In an interview with Harry Stebbings on the "20 VC" podcast on Monday, Sebastian Siemiatkowski said there are about 3,000 employees at Klarna, and he expects the company's workforce to drop below 2,000 by 2030. The company had 7,000 employees in 2022, he said.
The CEO said the reduction is a result of layoffs and "natural attrition," which is when the company doesn't replace workers who leave.
Siemiatkowski said on Monday that "human connection" will be vital for the company, and jobs involved in that will not be replaced by AI.
"Those jobs will remain, but for the rest it's going to be definitely smaller," he said.
Klarna declined to comment further when contacted by Business Insider. A spokesperson previously said that its AI assistant handles the equivalent workload of 853 full-time agents, up from 700 at launch. The spokesperson said it was saving the company an estimated $58 million annually.
Salesforce
Salesforce CEO Marc Benioff says Gemini 3 is so advanced that he has stopped using ChatGPT.
AP Photo/Markus Schreiber
Salesforce cut fewer than 1,000 workers in February, including employees from marketing, product management, data analytics, and its Agentforce AI product.

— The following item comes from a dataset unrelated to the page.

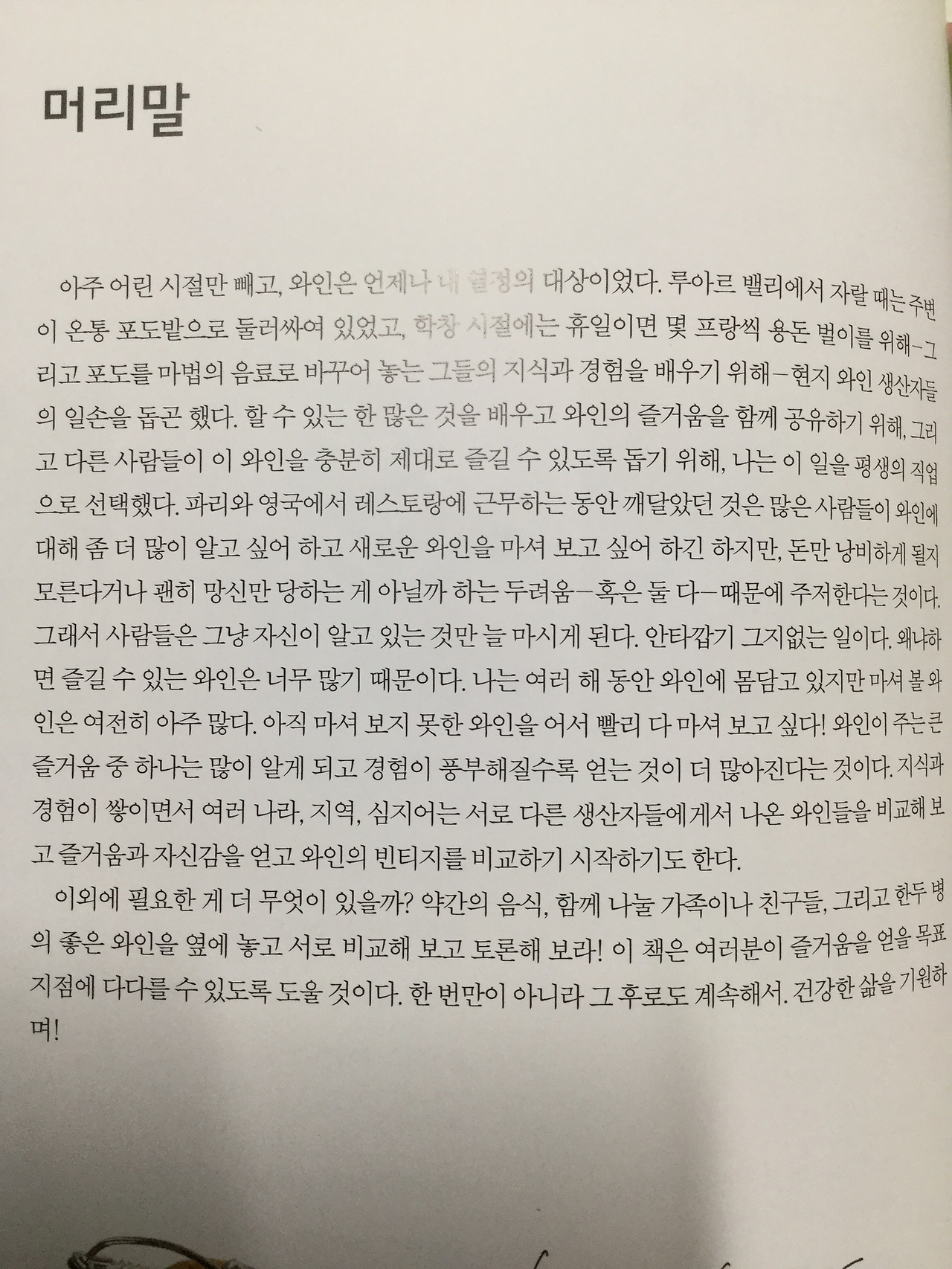 머리말 첫 문장은 이렇다. " 아주 어린 시절만 빼고, 와인은 언제나 내 열정의 대상이었다. " 성인이 되어 관련 일을 하면서 각색된 문장일 수도 있는 이 첫 문장이 그저 사실로 읽혀졌다. 심지어 몇 번이나 읽고 또 읽었다. 저자와의 첫 만남은 이 문장으로부터 시작되었다. 약간의 설레였음을 감출 수가 없다.

In an episode of "The Logan Bartlett Show" released last August, Salesforce CEO Marc Benioff said the company was using AI agents in its customer support division to replace humans and help the company work through more sales leads.
"I was able to rebalance my head count on my support," he said in the interview. "I've reduced it from 9,000 heads to about 5,000 because I need less heads."
A Salesforce spokesperson told Business Insider previously that Benioff was referencing an organizational transformation that took place over several months to reshape its customer support function.
After deploying Agentforce, the company no longer needed to "actively backfill support engineer roles," the spokesperson said, adding that it successfully redeployed hundreds of employees into other areas of the company, like professional services, sales, and customer success.
Wisetech
Wisetech is cutting 2,000 jobs.
Illustration by Thomas Fuller/SOPA Images/LightRocket via Getty Images
Zubin Appoo, the CEO of Wisetech, said the logistics software maker is cutting 2,000 jobs, or 30% of its staff, because of AI-led efficiency.
In a conference call on February 25, Appoo said that AI enables greater productivity in less time and with fewer employees. The Sydney-based company employed about 7,000 people, according to an annual report released in October.
"I am prepared to say this clearly: the era of manually writing code as the core act of engineering is over," Appoo said. The technology is "unlocking levels of efficiency gains across WiseTech that were previously out of reach."
In some parts of the workforce, such as customer service, one in two workers will disappear, he added.
Angi
Bloomberg/Getty Images
Angi, the popular contractor listing site previously known as Angie's List, said in January that it was cutting roughly 350 jobs in part because of "AI-driven efficiency improvements."
The company added that the cuts were part of a plan "to reduce operating expenses and optimize the organizational structure in support of long-term growth."